Extracted records >>
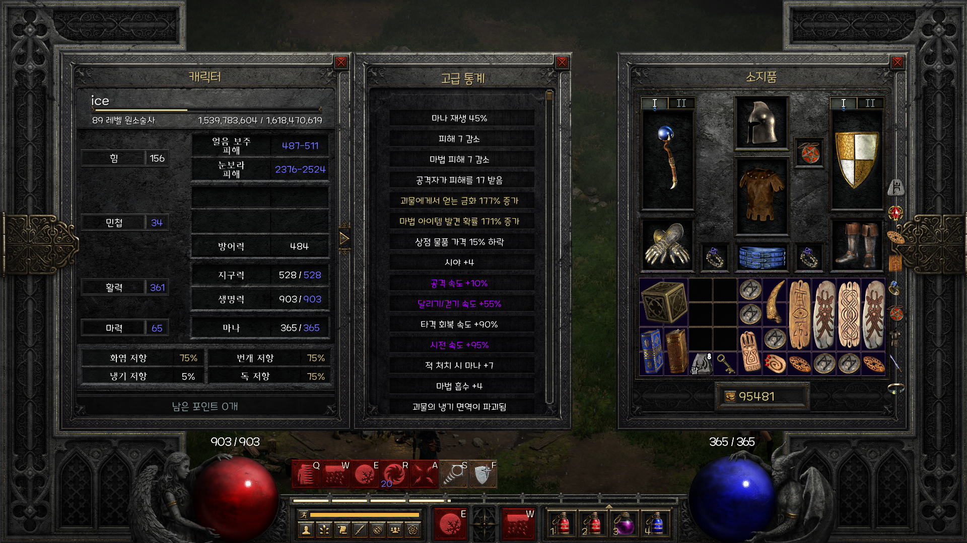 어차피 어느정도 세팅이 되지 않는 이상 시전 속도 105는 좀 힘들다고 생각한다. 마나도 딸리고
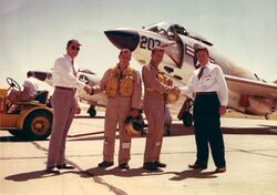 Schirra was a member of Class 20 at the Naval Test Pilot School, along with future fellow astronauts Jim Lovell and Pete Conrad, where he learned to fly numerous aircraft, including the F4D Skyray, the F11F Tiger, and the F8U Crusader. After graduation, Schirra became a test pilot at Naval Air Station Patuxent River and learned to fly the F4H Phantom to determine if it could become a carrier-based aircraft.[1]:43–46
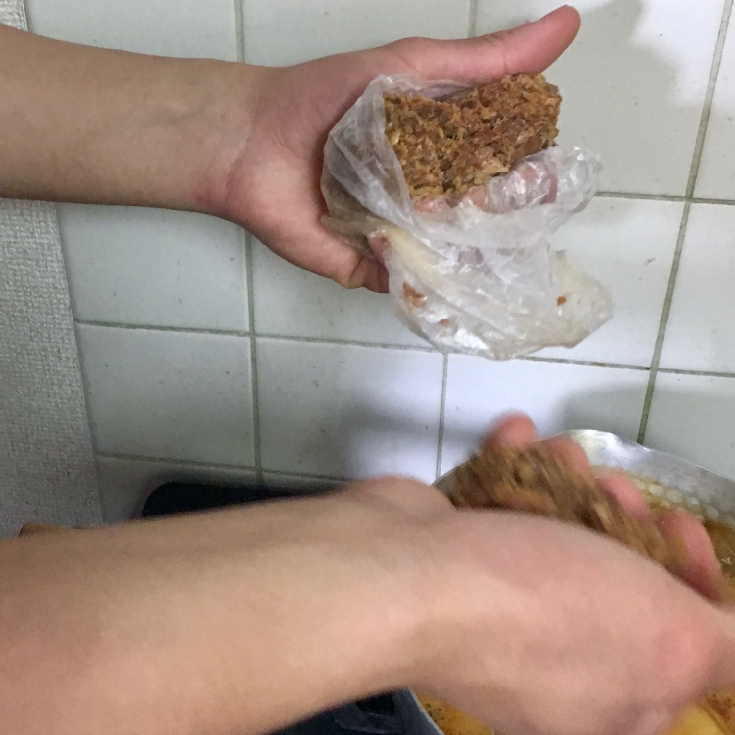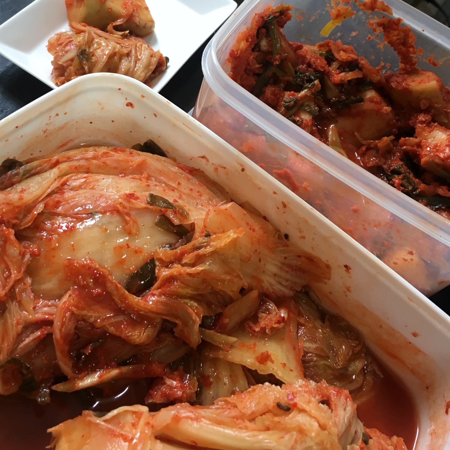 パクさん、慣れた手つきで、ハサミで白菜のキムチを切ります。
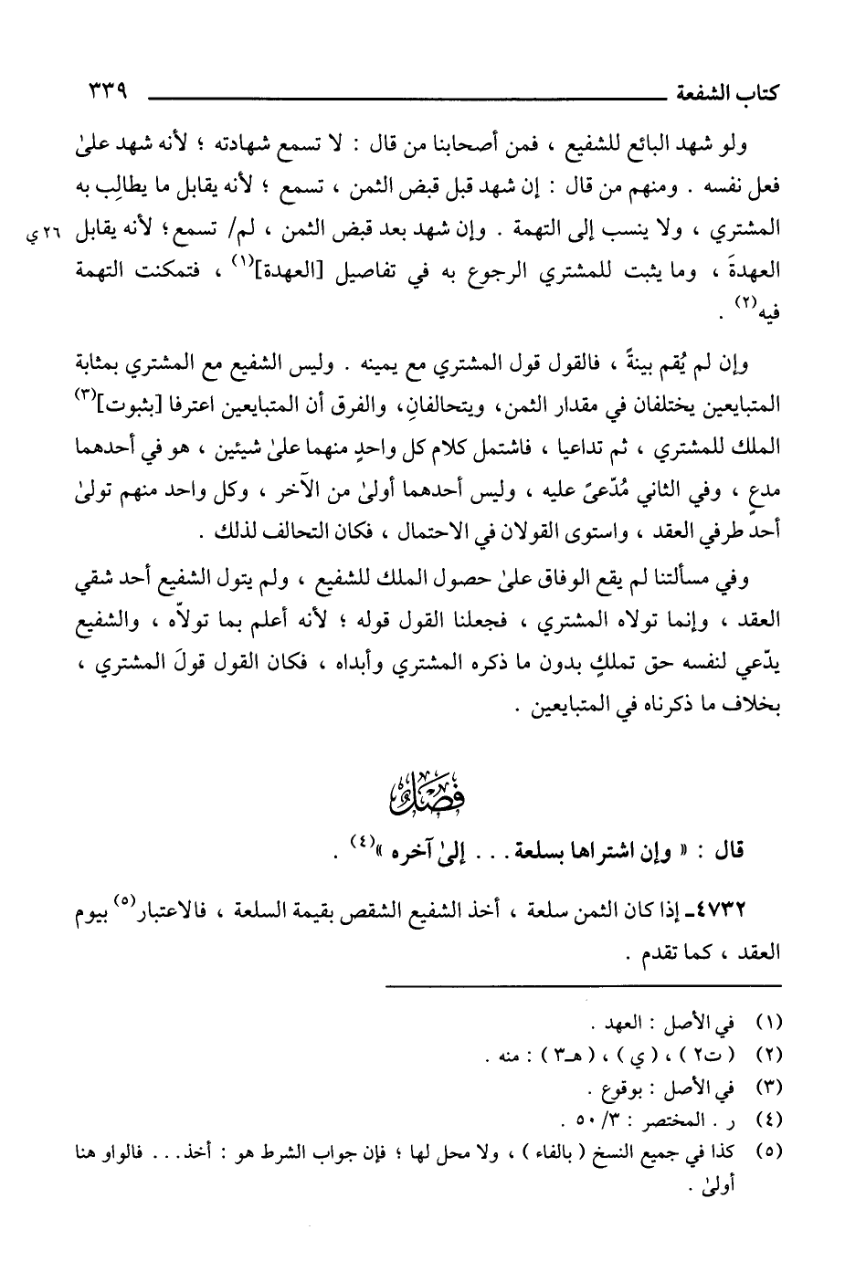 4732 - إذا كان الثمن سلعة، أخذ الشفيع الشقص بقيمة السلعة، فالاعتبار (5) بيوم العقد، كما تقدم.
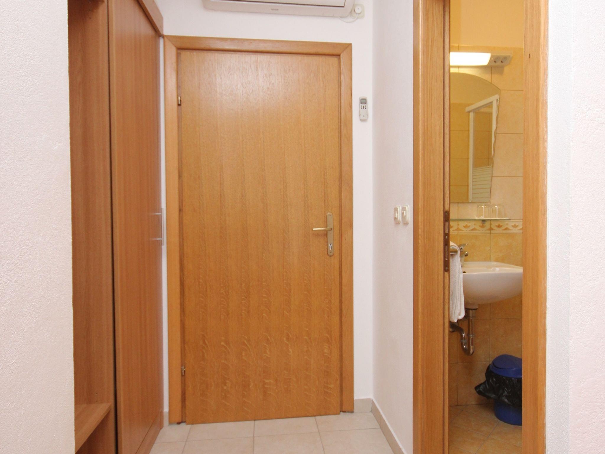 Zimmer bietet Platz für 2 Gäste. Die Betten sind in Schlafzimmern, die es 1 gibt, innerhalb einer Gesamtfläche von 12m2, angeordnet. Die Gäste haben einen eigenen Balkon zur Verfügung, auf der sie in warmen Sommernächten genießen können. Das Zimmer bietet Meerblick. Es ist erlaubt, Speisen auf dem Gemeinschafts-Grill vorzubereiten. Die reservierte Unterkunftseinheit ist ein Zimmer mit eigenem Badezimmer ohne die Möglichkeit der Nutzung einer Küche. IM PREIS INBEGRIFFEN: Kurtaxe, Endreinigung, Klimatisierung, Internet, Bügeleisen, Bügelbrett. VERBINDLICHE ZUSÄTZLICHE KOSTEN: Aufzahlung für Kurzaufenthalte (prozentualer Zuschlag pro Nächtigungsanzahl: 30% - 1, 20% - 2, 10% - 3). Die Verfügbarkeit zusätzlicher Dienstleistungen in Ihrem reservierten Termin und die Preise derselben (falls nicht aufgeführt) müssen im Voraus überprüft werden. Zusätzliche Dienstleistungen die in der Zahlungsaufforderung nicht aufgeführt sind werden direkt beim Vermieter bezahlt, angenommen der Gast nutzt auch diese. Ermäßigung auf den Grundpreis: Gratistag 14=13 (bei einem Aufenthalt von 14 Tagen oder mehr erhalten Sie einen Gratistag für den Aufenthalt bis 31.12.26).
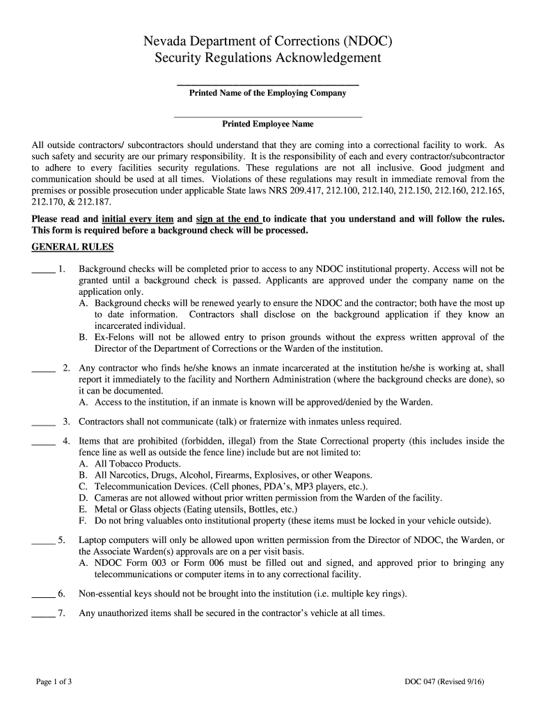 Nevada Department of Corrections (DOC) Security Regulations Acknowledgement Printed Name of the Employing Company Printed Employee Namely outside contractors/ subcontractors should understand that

What you are asked to do >> Everything from the line with "Schirra was a" down to the line with "4732 - إذا كان" in the data above should be copied exactly, with both end lines kept and the pictures left out.

Answer box >>
 Schirra was a member of Class 20 at the Naval Test Pilot School, along with future fellow astronauts Jim Lovell and Pete Conrad, where he learned to fly numerous aircraft, including the F4D Skyray, the F11F Tiger, and the F8U Crusader. After graduation, Schirra became a test pilot at Naval Air Station Patuxent River and learned to fly the F4H Phantom to determine if it could become a carrier-based aircraft.[1]:43–46
 パクさん、慣れた手つきで、ハサミで白菜のキムチを切ります。
 4732 - إذا كان الثمن سلعة، أخذ الشفيع الشقص بقيمة السلعة، فالاعتبار (5) بيوم العقد، كما تقدم.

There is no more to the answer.